Round 1 — pricing/deprecation sweep

  • grok-4.20 trio price cut ($2/$6 → $1.25/$2.50), DeepSeek V4 repricing ($0.14/$0.28, 1M ctx), Gemini Deep Research output 6x fix ($2 → $12), Bedrock Mistral Large 3 4x fix ($2/$6 → $0.50/$1.50)
  • ~30 retired/redirected models flagged deprecated (xAI May-15 batch, Gemini 2.0 shutdown, Anthropic 4.0 retirements, Mistral/Cerebras/Groq/Bedrock lifecycle)
  • Context-window and capability corrections (sonnet-4-5/4-0 1M → 200k, invalid minimal/xhigh effort values, dead nativeStructuredOutputs on opus-4-1, renamed shut-down preview ids)
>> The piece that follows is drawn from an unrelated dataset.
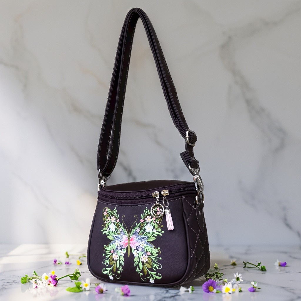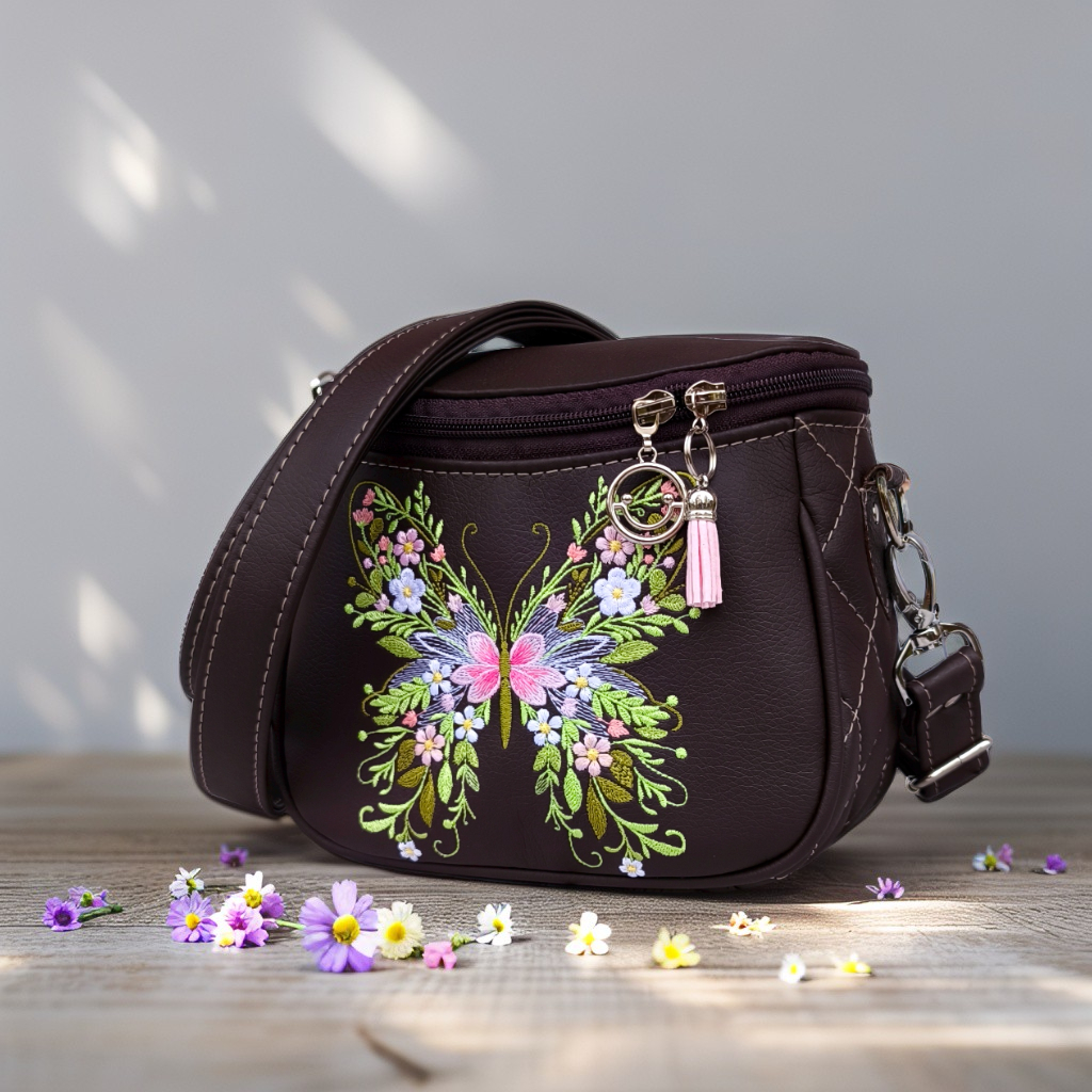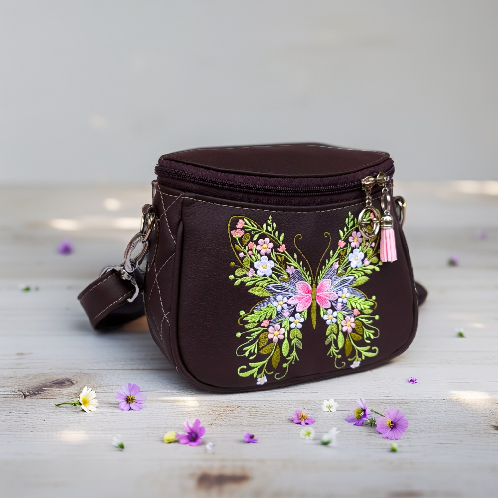 Menší baculatá kabelka je ušita z tmavě hnědé koženky, ozdobená výšivkou.Vstup do kabelky se uzavírá zipem s tmavě hnědou spirálou na dva jezdce (lze nosit na obou stranách těla).

Round 2 — full re-verification + remaining fixes

  • Bedrock geo-profile bug fixed in code: getBedrockInferenceProfileId no longer prefixes the 11 models whose AWS cards say geo inference is not supported (Mistral text models, Cohere, Titan) — these previously produced invalid model IDs at runtime. Unit tests added.
  • Bedrock pricing verified via the AWS Pricing API (marketing page is unfetchable): Nova 2 Pro/Lite, Llama 3.x/4 family, Mistral Large 2407, Ministral 3 corrections; cache-read rates added for Claude 4.x and Nova; maxOutputTokens from model cards (opus-4-1 32000 per card)
  • azure/gpt-5.1-codex un-deprecated — round-1 stopgap was based on a wrong premise; the azure provider defaults to the Responses API, so the model works. Azure 'none' effort dropped from the 5.4 family (Azure docs enumerate 'none' support exhaustively); azure/gpt-4o deprecated (retires 2026-10-01)
  • gpt-5.5-pro: undocumented verbosity removed and effort values aligned to documented pro-tier set (medium/high/xhigh); o3/o3-mini/o1/gpt-4.1-nano deprecated per the OpenAI deprecations page (shutdowns 2026-10-23)
  • claude-fable-5 nativeStructuredOutputs: true — documented GA; previously fell back to prompt-injected schemas
  • Temperature ranges corrected against API references: xAI 0–2 (was 0–1), Mistral 0–1.5 (chat-completions max per OpenAPI spec; new 1.5 slider variant in the agent block + parameterized getModelsWithTemperatureRange), Together 0–1 (their docs), Groq provider-level 0–2, deepseek-chat/Cerebras temperature exposed
  • xAI retired slugs repriced to their redirect targets' billed rates (retirement page states redirect billing; legacy values overestimated live cost up to 6x)
  • maxOutputTokens filled in for Groq (verified via Groq's live models API), Cerebras, Vertex (was silently falling back to 4096); recommended/speedOptimized flags normalized across providers; ollama-cloud no longer advertises unsupported tool_choice

Justification logs (one per provider, maintained locally): per-model field tables with the verifying source URL and verdict, changes applied, changes deliberately not made (with reasons), and unverifiable items. Conflicting agent findings were re-verified directly against the primary source before deciding (e.g., gemini-3.1-flash-lite minimal thinking support — confirmed supported and default).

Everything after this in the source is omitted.